BIG | Bjarke Ingels Group has unveiled plans for a yin and yang-shaped Panda House for Copenhagen Zoo. The design of the new Panda House begins with a circular shape, formed by the surrounding existing facilities at the intersection of multiple walkways. Panda House is designed to feel like humans are the visitors in the Pandas’ home, rather than Pandas being the exotic guests from faraway lands.
The habitat forms the freest and most naturalistic possible environment for their lives and relationship with each other, providing the freedom to roam about and the ideal conditions to mate – one of the major challenges facing Pandas from becoming endangered.
“Architecture is like portraiture. To design a home for someone is like capturing their essence, their character and personality in built form. In the case of the two great Pandas, their unique solitary nature requires two similar but separate habitats – one for her and one for him. The habitat is formed like a giant yin and yang symbol, two halves: the male and the female, complete each other to form a single circular whole. The curvy lines are undulating in section to create the necessary separation between him and her – as well as between them and us. Located at the heart of the park, we have made the entire enclosure accessible from 360 degrees, turning the two pandas into the new rotation point for Copenhagen Zoo,” Bjarke Ingels, Founding Partner, BIG.

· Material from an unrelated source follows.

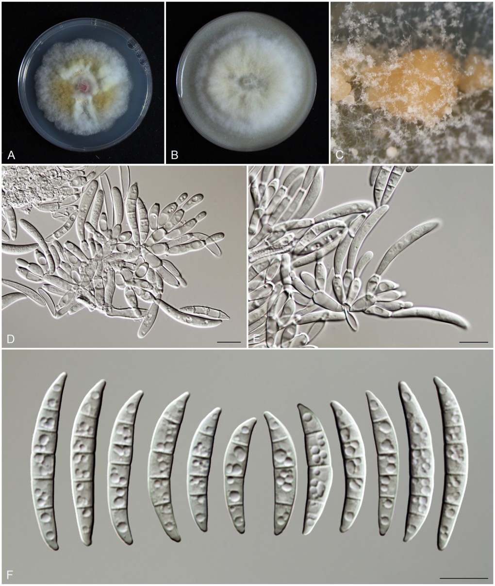 圖為鐮刀菌屬內的菌落及顯微形態(tài),該菌株分離于四川省遂寧市采集的小麥赤霉病的病穗處。(A-B)PDA,OA上,25 C、黑暗條件下培養(yǎng)7天,菌落正面形態(tài)圖;(C)康乃馨葉片上著生的分生孢子座;(D-E)分生孢子座上的分生孢子梗和產孢瓶梗;(F)分生孢子座上的大型分生孢子。圖版的所有標尺均為10微米

Panda House responds to the species’ main threats to extinction – habitat loss and fragmentation by providing a safe and contiguous environment that’s also conducive for reproduction.
The design team proposed a circular shape for the design – befitting the site perfectly between existing buildings and enabling the literal yin-yang symbol to create separate enclosures for male and female pandas. The architectural parts of the earth are then lifted from either side of the “yin” and “yang” to form space for stables belowground, simultaneously creating an incline to naturally face the pandas toward the audience.
The Panda House consists of two floors: the ground floor, where access to the interior spaces are connected by a ramp circulation, and the second floor, which can lead to a trip along the rocky slope, through the native Nordic plants and into the dense bamboo forest.
All interior functions are designed to have the lush landscape at eye-level – engaging the visitors’ sense of wildlife and immersion within nature. The ground floor of Panda House also encompasses a restaurant, located between the elephants and the pandas – visitors can dine while observing both animals simultaneously. There is also a shop connected between both animal houses and the Main Square, situated just outside of Panda House.